4. **Update Q-Values**: Update the Q-values using the Bellman equation:

   $$
   Q(s, a) \leftarrow Q(s, a) + \alpha \left[ r + \gamma \max_{a'} Q(s', a') - Q(s, a) \right]
   $$

5. **Repeat**: Repeat the process for a specified number of episodes or until convergence.

This approach uses LaTeX syntax within Markdown to create well-formatted mathematical expressions. To ensure that these expressions render correctly, make sure that the platform you are using supports LaTeX within Markdown, such as Jupyter Notebooks, GitHub, or certain Markdown editors with LaTeX support.

### Step 1: Setting Up the Environment
First, we need to set up the `CliffWalking` environment using OpenAI's `gym` library.


In [None]:
import gym

env = gym.make("CliffWalking-v0", render_mode='human')
n_state = env.observation_space.n
print(f"Number of states: {n_state}")

n_action = env.action_space.n
print(f"Number of actions: {n_action}")

env.reset()
env.render()

new_state, reward, is_done, info = env.step(2)  # Take a step (example action 2)
env.render()

print(f"New state: {new_state}, Reward: {reward}, Done: {is_done}")

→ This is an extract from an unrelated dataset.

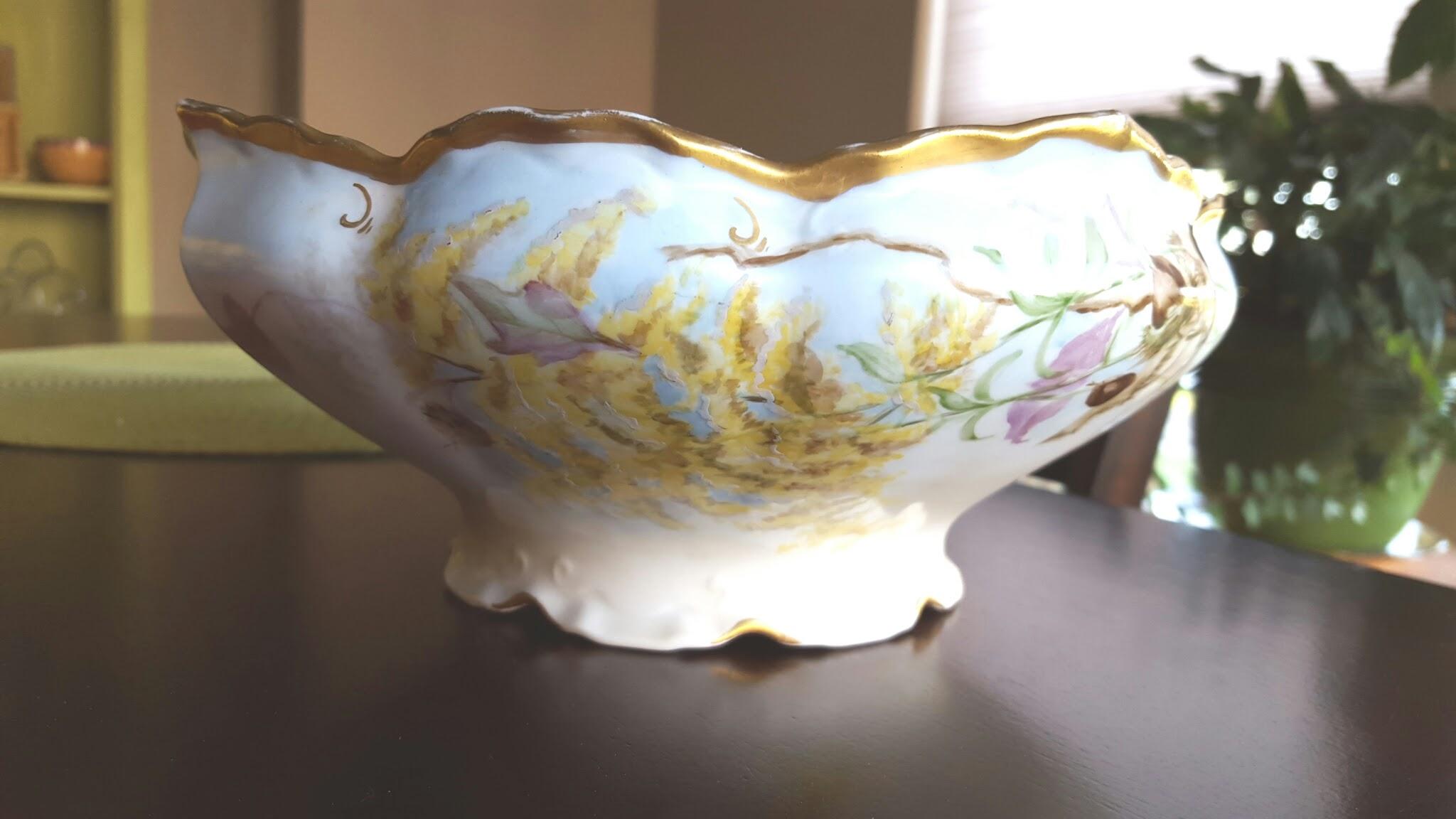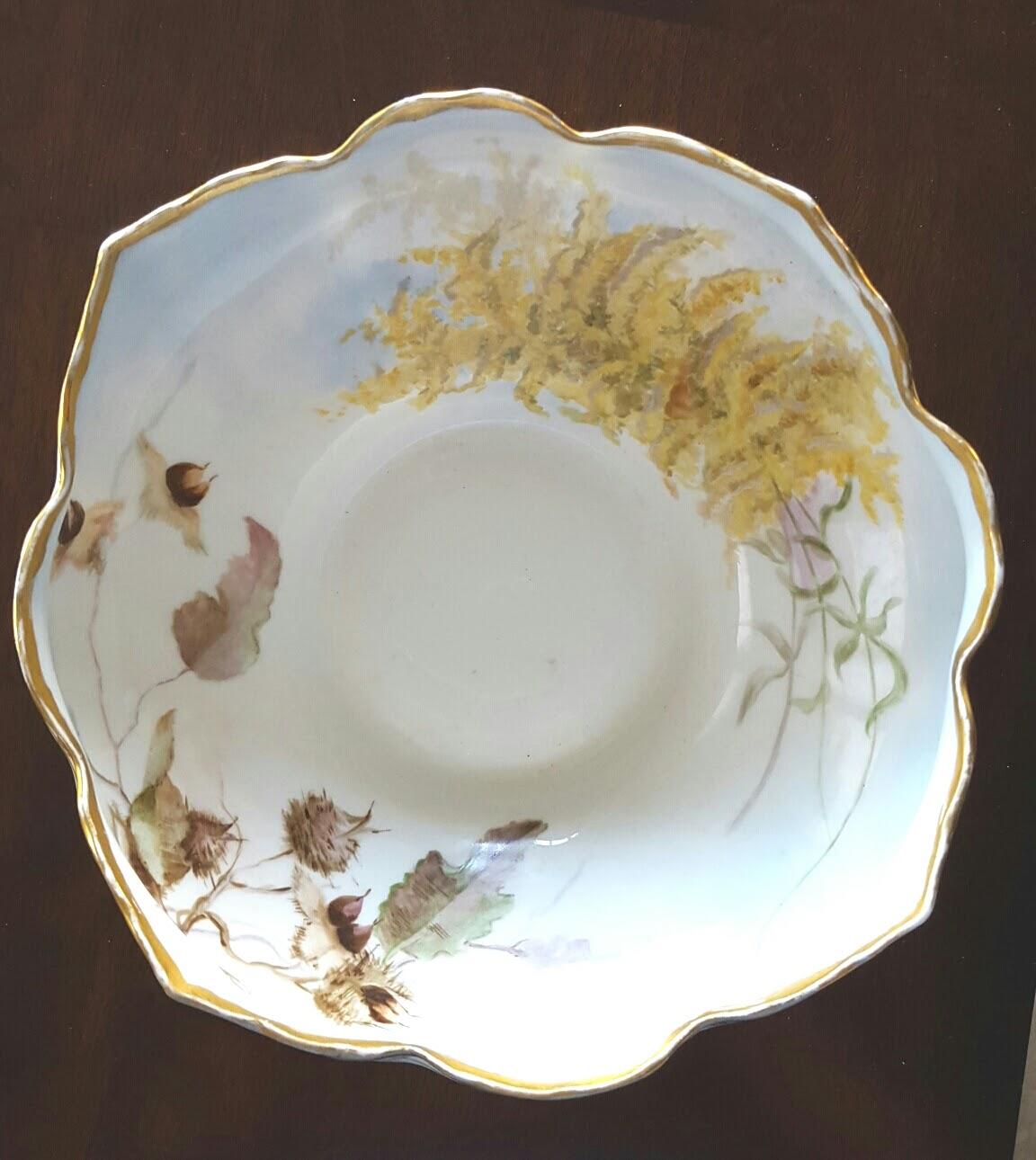 Syracuse OPco China bowl with backstamp dating 1895 -1897. Signed by C. Bruce. Design appears to be goldenrod and thistles. Approximately 8" in diameter × 4 1/2" tall. No cracks or chips and minimal, slight use inside. Very light wearing of gold on top edge.

### Step 2: Implementing the Q-Learning Algorithm
Next, we implement the Q-Learning algorithm. Q-Learning is an off-policy algorithm that updates the Q-values using the Bellman equation.

In [None]:
import numpy as np
import random
from collections import defaultdict

class QLearningAgent:
    def __init__(self, n_state, n_action, alpha=0.1, gamma=0.99, epsilon=0.1):
        self.n_action = n_action
        self.alpha = alpha  # Learning rate
        self.gamma = gamma  # Discount factor
        self.epsilon = epsilon  # Exploration rate
        self.q_table = defaultdict(lambda: np.zeros(n_action))  # Initialize Q-table with zeros

    def choose_action(self, state):
        if random.uniform(0, 1) < self.epsilon:
            return random.choice(range(self.n_action))  # Explore: random action
        else:
            return np.argmax(self.q_table[state])  # Exploit: best action based on current Q-values

    def update_q_table(self, state, action, reward, next_state):
        best_next_action = np.argmax(self.q_table[next_state])
        td_target = reward + self.gamma * self.q_table[next_state][best_next_action]
        td_delta = td_target - self.q_table[state][action]
        self.q_table[state][action] += self.alpha * td_delta

    def train(self, env, n_episode):
        for episode in range(n_episode):
            state = env.reset()
            is_done = False
            total_reward = 0
            while not is_done:
                action = self.choose_action(state)
                next_state, reward, is_done, _ = env.step(action)
                self.update_q_table(state, action, reward, next_state)
                state = next_state
                total_reward += reward
            print(f"Episode: {episode+1}, Total Reward: {total_reward}")

In [1]:
# Hyperparameters
alpha = 0.1
gamma = 0.99
epsilon = 0.1
n_episode = 500

agent = QLearningAgent(n_state, n_action, alpha, gamma, epsilon)
agent.train(env, n_episode)

NameError: name 'QLearningAgent' is not defined

### Step 3: Visualizing the Results

After training, we can visualize the agent's performance by rendering a few episodes.


In [None]:
for episode in range(5):
    state = env.reset()
    is_done = False
    total_reward = 0
    while not is_done:
        env.render()
        action = agent.choose_action(state)
        next_state, reward, is_done, _ = env.step(action)
        state = next_state
        total_reward += reward
    print(f"Test Episode: {episode+1}, Total Reward: {total_reward}")

env.close()

### Improvements and Advanced Techniques
1. **Double Q-Learning**: Implement Double Q-Learning to reduce overestimation bias.
2. **Prioritized Experience Replay**: Use prioritized experience replay to sample more important transitions.
3. **Dueling Q-Networks**: Separate state value and advantage estimation.
4. **Deep Q-Networks (DQN)**: Use a neural network to approximate the Q-value function.

### Summary
In this tutorial, we set up the CliffWalking environment, implemented a basic Q-Learning algorithm, trained the agent, and visualized the results. By following these steps, you can extend the implementation to more advanced reinforcement learning algorithms and improve the agent's performance.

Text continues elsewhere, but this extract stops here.